There are two things we really like about the “Bipartisan Tax Fairness and Simplification Act of 2010,” introduced by Senators Ron Wyden (D-OR) and Judd Gregg (R-NH): the fairness and the simplification.

Some of the other elements in the bill, well, not so much.

Let’s start with the simplification. Having just passed our annual tax day of reckoning, lots of Americans no doubt would relish a little simplification.

The senators think their bill could slim down the standard 1040 form for most people to one page. That’s even better than the original income tax form from 1913, which CNSNews recently made available and can be downloaded here.

Wyden and Gregg say the IRS estimates that Americans spend nearly $194 billion and 6.6 billion hours on tax compliance. So a radical shift to tax simplification would create huge efficiencies for the economy—albeit at the expense of tax preparers.

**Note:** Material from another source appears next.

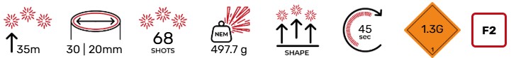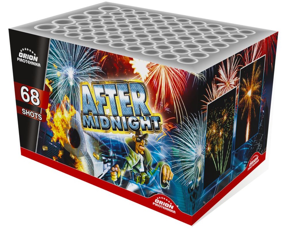 After Midnight ist eine Feuerwerkskombination, eine Showfeuerwerksbatterie mit 68 Auswürfen, flacher Form, einer Kombination aus 20 und 30 mm Kaliber, erreicht eine Höhe von 35 Metern und hält 45 Sekunden.

The second cheer is based on the bill’s effort to simplify the tax code by reducing the number of income tax rates to three: 15 percent, 25 percent and 35 percent. And a flat corporate income tax rate of 24 percent.

They also exempt paying taxes on the first 35 percent of capital gains and eliminate most of the specialized tax breaks. Though they don’t eliminate the home mortgage deduction or the employee tax exclusion for employer-provided health insurance. That’s just a nod to political reality.

Wyden-Gregg doesn’t get a third cheer in part because they want to repeal the rule permitting companies to defer taxes on foreign income. Most foreign-based multinational companies, in other words competitors of US companies, pay income taxes only to the country where the business resides, which means they only pay taxes on the income once.

However, Washington requires U.S.-based companies to pay taxes on money that has already been taxed in a foreign country when the US company brings that money home to put to work here. So the company gets taxed twice on the same income, putting US companies at a competitive disadvantage. So many companies prudently leave their profits in the other countries to avoid double taxation, and Wyden-Gregg want to change that.

There are other tax reform proposals that we think might be better, like Rep. Paul Ryan’s (R-WI). But Wyden-Gregg has the benefit of being bipartisan and gets started down a long and much-needed road to tax reform.